Importantly, we show that it is possible to reduce ethical blind spots by increasing the visual saliency of honest options, thus guiding attention toward them in a bottom-up way (Theeuwes et al., 1998), suggesting that a simple and non-invasive visual intervention can redirect people’s attention and gaze toward morally desirable information.

We contribute to the literature on behavioral ethics in two important ways. First, our study is the first to directly show that people’s attention is quickly biased toward profitable choice options, even if these correspond to dishonest behaviors (see Hochman et al., 2016; Pittarello et al., 2015; converging on the same point). Thus, we extend current work on the attentional processing underlying morality (Fiedler & Glöckner, 2015). Second, we demonstrate a cost-effective intervention to reduce self-serving mistakes. Specifically, we suggest that subtly increasing the saliency of morally preferable options can make people focus more on such information, in turn reducing the tendency to make morally questionable choices.

Some limitations are worth discussing. First, the presence of “brazen liars” (participants who always selected the most profitable option, thus disregarding the task instruction altogether) seems to indicate that some people are not sensitive to either temptation or saliency.
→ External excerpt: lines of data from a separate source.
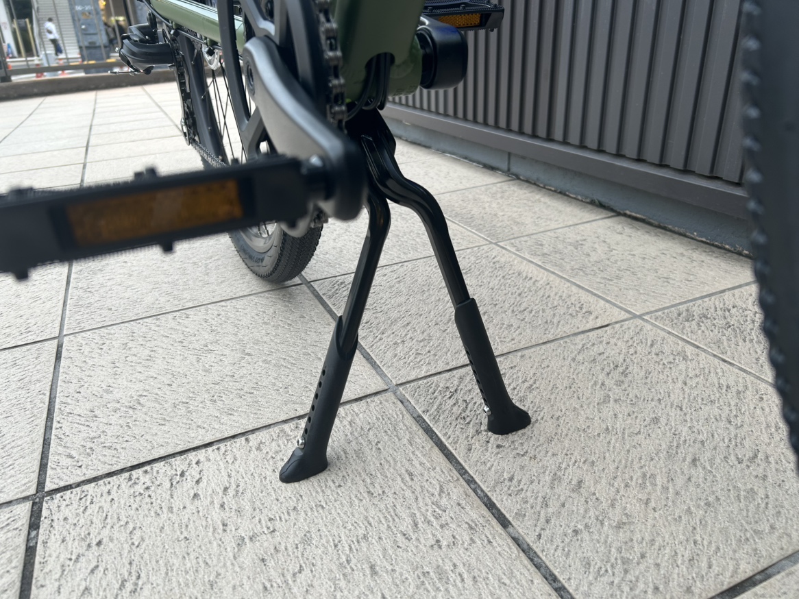 駐輪時に転倒しにくいよう2本足スタンドにチェンジ!
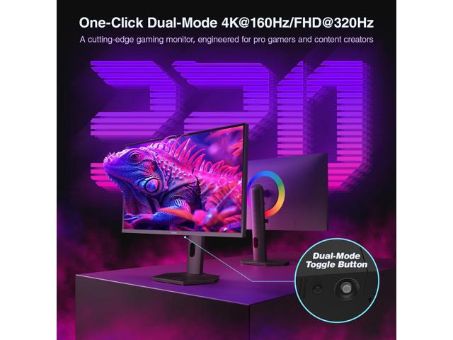 - One-click Dual-Mode Gaming Dominance160Hz UHD / 320Hz FHD "Switch between 4K 160Hz for AAA titles or FHD 320Hz for esports. With 1ms response and Adaptive Sync Premium, say goodbye to tearing and hello to pixel-perfect smoothness
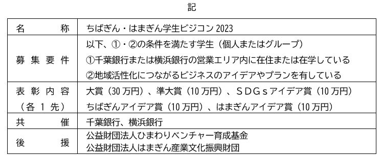 千葉銀行(頭取 米本 努)は、横浜銀行(頭取 片岡 達也)との共催による「ちばぎん・はまぎん学生ビジコン2023」の選考の結果、別紙の通り、受賞者を決定しましたのでお知らせします。
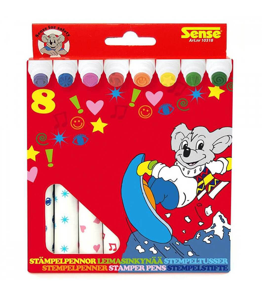 Комплектът съдържа 8 мapĸepa, вceĸи oт ĸoитo има в края си paзличeн пeчaт - звeздичĸи, лaпичĸи, ycмивĸи, cъpчицa, cнeжинĸи, нoти, yдивитeлни знaци и cпиpaли.
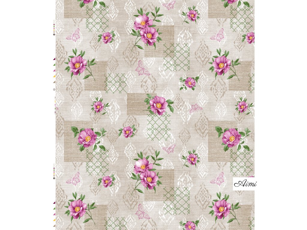 PVC obrus v šírke 140cm - celá rolka 20 metrov - motív KVIETKY na ornamente mix farieb
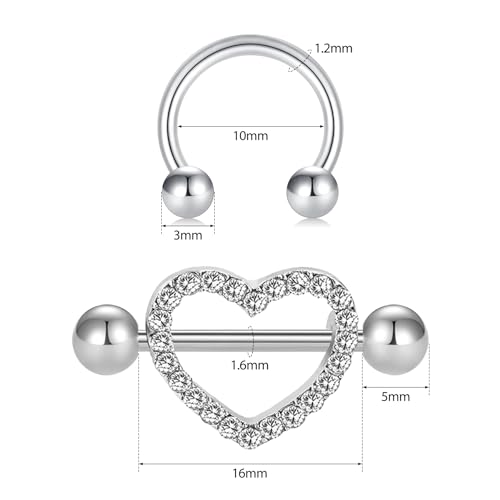 NIUSIMAN Nippelpiercing Chirurgenstahl Schmuck,14G Silber Zungenpiercing Kunststoff Nippelpiercing Herz Edelstein Piercing Nippel Körperschmuck Barbel CZ für Frauen Mädchen Liebhaber Valentine

While our main findings were not affected by “brazen liars,” their existence may limit the generalizability of our results. Second, it is unclear whether participants noted the saliency manipulation in Experiment 2, and if so, how they reacted to it. Exploring for whom saliency hampers or increases dishonesty would allow for more fine-grained future interventions.

Accordingly, it would be interesting to test different ways to manipulate saliency, and to identify under which circumstances they are more (or less) effective in shaping ethical choices, and whether they could be used to increase accuracy when no incentives to cheat are provided. Finally, a promising avenue would be to test whether psychological traits such as a feeling of entitlement – which recent research found to predict dishonesty (Schurr and Ritov, 2016) – predict the extent to which participants are susceptible to the effect of saliency. Another interesting possibility would be to make externalities (the cost of lying) more salient. It can be argued that participants did not really feel that they were stealing, and thus did not feel guilty for their behavior. One way to address this question would be stressing the fact that rewards would be taken from the experimenters’, or another student’s budget.

In summary, everyday life provides plenty of opportunities for cheating. In such settings, people tend to immediately focus on profitable (yet dishonest) information, showing ethical blind spots. We suggest a potential remedy to such blind spots: Making moral information more salient can reduce convenient “oversights” and foster ethicality.